This block will remove existing files, copy dataset zip file from google drive to collab, and extract dataset.

In [2]:
!rm -rf /content/dataset
!rm /content/dataset.zip
!cp "/content/drive/MyDrive/[2021]Computer Vision ML/data_segmentation.zip" /content/dataset.zip
!unzip /content/dataset.zip -d /content/dataset
clear_output()

## Construct Traning Model

In [3]:
class U_Net(nn.Module):
    def __init__(self):
        super(U_Net, self).__init__()

        # Define model structure at once by using nn.ModuleList.
        # Even though only one model is used, use nn.ModuleList for further extension.
        self.layers = nn.ModuleList([
                                    #  Use Unet as pixel classifier
                                     smp.Unet(
                                         encoder_name="resnet34",        
                                        #  encoder_weights="imagenet",     
                                         in_channels=1,                  
                                         classes=4
                                     )
                                     ])

    def forward(self, x):
        for layer in self.layers:
            x = layer(x)
        return x

# Test model. Not to affect global variables, wrap it with function.
def test():
    model_test = U_Net()
    print(model_test)
test()

Downloading: "https://download.pytorch.org/models/resnet34-333f7ec4.pth" to /root/.cache/torch/hub/checkpoints/resnet34-333f7ec4.pth


HBox(children=(FloatProgress(value=0.0, max=87306240.0), HTML(value='')))


U_Net(
  (layers): ModuleList(
    (0): Unet(
      (encoder): ResNetEncoder(
        (conv1): Conv2d(1, 64, kernel_size=(7, 7), stride=(2, 2), padding=(3, 3), bias=False)
        (bn1): BatchNorm2d(64, eps=1e-05, momentum=0.1, affine=True, track_running_stats=True)
        (relu): ReLU(inplace=True)
        (maxpool): MaxPool2d(kernel_size=3, stride=2, padding=1, dilation=1, ceil_mode=False)
        (layer1): Sequential(
          (0): BasicBlock(
            (conv1): Conv2d(64, 64, kernel_size=(3, 3), stride=(1, 1), padding=(1, 1), bias=False)
            (bn1): BatchNorm2d(64, eps=1e-05, momentum=0.1, affine=True, track_running_stats=True)
            (relu): ReLU(inplace=True)
            (conv2): Conv2d(64, 64, kernel_size=(3, 3), stride=(1, 1), padding=(1, 1), bias=False)
            (bn2): BatchNorm2d(64, eps=1e-05, momentum=0.1, affine=True, track_running_stats=True)
          )
          (1): BasicBlock(
            (conv1): Conv2d(64, 64, kernel_size=(3, 3), stride=(1, 1), p

## Configure Dataset Loader
`labels` parameter of `DatasetCustom` constructor is a dataframe of tuples `(file name, position, angle)`.

In [4]:
IMAGE_INPUT_SIZE = 128
IMAGE_LABEL_SIZE = 128

class ToTensor():
    def __call__(self,sample):
        image, label = sample
        # Swap color axis because axis order is:
        # Numpy image: H, W, C
        # Torch image: C, H, W
        image = image.transpose((2, 0, 1))
        label = label.transpose((2, 0, 1))
        return (torch.FloatTensor(image), torch.FloatTensor(label))
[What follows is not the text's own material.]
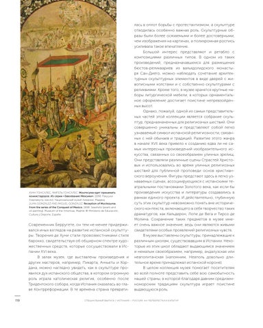лась в оплот борьбы с протестантизмом, а скульптуре отводилась особенно важная роль. Скульптурные образы были более осязаемыми и более достоверными, чем изображения на картинах, а полихромная роспись усиливала такое впечатление. Большой интерес представляют и ретабло с композициями различных типов. В одном из таких произведений, предназначавшемся для размещения бюстов-реликвариев из вальядолидского монастыря Сан-Диего, можно наблюдать сочетание архитектурных скульптурных элементов в виде дверей с живописными холстами и с собственно скульптурами с реликвиями. Кроме того, в музее хранятся крупные наборы литургической мебели, в которых орнаментальное оформление достигает поистине непревзойденных высот. Однако, пожалуй, одной из самых представительных частей этой коллекции является собрание скульптур, предназначенных для религиозных шествий. Они совершенно уникальны и представляют собой легко узнаваемый символ испанской религиозности, связанных с ней обычаев и традиций. Развитие этого жанра в начале XVII века привело к созданию едва ли не самых интересных произведений изобразительного искусства, связанных со своеобразием уличных зрелищ. Они представляли различные сцены Страстей Христовых и использовались во время уличных религиозных шествий для публичной проповеди основ христианского вероучения. Фигуры предстают здесь в легко узнаваемых сценах, ассоциирующихся с испанскими театральными постановками Золотого века, как если бы произведения искусства и литературы создавались в рамках единого проекта. И действительно, глубинную суть этих скульптур невозможно понять вне исторического контекста, включающего в себя творчество таких драматургов, как Кальдерон, Лопе де Вега и Тирсо де Молина. Сохранение таких предметов в музее имеет очень важное значение, ведь они являются живыми свидетелями особых проявлений религиозных чувств. В музее выставлены скульптуры, принадлежащие к различным школам, существовавшим в Испании. Некоторые из этих школ обладают выдающимся значением и немалым своеобразием, например, андалузская или неаполитанская (напомним, Неаполь довольно длительное время принадлежал испанской короне). В целом коллекция музея помогает посетителям во всей полноте представить себе всю самобытность нашей страны, в которой благодаря давним средиземноморским традициям скульптура играет поистине выдающуюся роль.

class DatasetCustom(Dataset):

    def __init__(self, metadata, transforms=[ToTensor()]):
        '''
        There was an error when metadata columns are not wrapped with `list`.
        By converting metadata type to list, problem solved.
        Why?
        '''
        self.path_input = list(metadata['input'])
        self.path_label = list(metadata['label'])
        self.transforms = T.Compose(transforms)
        self.length = len(metadata)

    def __len__(self):
        return self.length
  
    def __getitem__(self, index):
        path_input = self.path_input[index].replace('\\','/')
        path_label = self.path_label[index].replace('\\','/')

        # Because the input is an grayscale image, only take the first channel.
        input = cv2.imread(path_input)[:,:,0].astype('float')/255
        input = cv2.resize(input,(IMAGE_INPUT_SIZE,IMAGE_INPUT_SIZE))
        input = input.reshape([IMAGE_INPUT_SIZE,IMAGE_INPUT_SIZE,1])
        
        # Convert ecah pixel in the label to one-hot vector.
        label_raw = cv2.imread(path_label).astype('float')[:,:,1]
        label_raw = cv2.resize(label_raw,(IMAGE_LABEL_SIZE, IMAGE_LABEL_SIZE))

        c1 = label_raw > 200                                            # Lane
        c2 = np.logical_and(133 > label_raw, label_raw > 123)           # Obstacle
        c3 = label_raw < 20                                             # Ground
        c4 = np.logical_not(np.logical_or(np.logical_or(c1, c2), c3))   # Else

        label = np.zeros([IMAGE_LABEL_SIZE, IMAGE_LABEL_SIZE, 4], dtype=np.float)
        label[:,:,0][c1] = 1
        label[:,:,1][c2] = 1
        label[:,:,2][c3] = 1
        label[:,:,3][c4] = 1
        
        sample = (input, label)
        sample = self.transforms(sample)

        return sample

## Define Dataset and Data Loader
Make traning dataset and validation dataset by splitting whole label into two parts.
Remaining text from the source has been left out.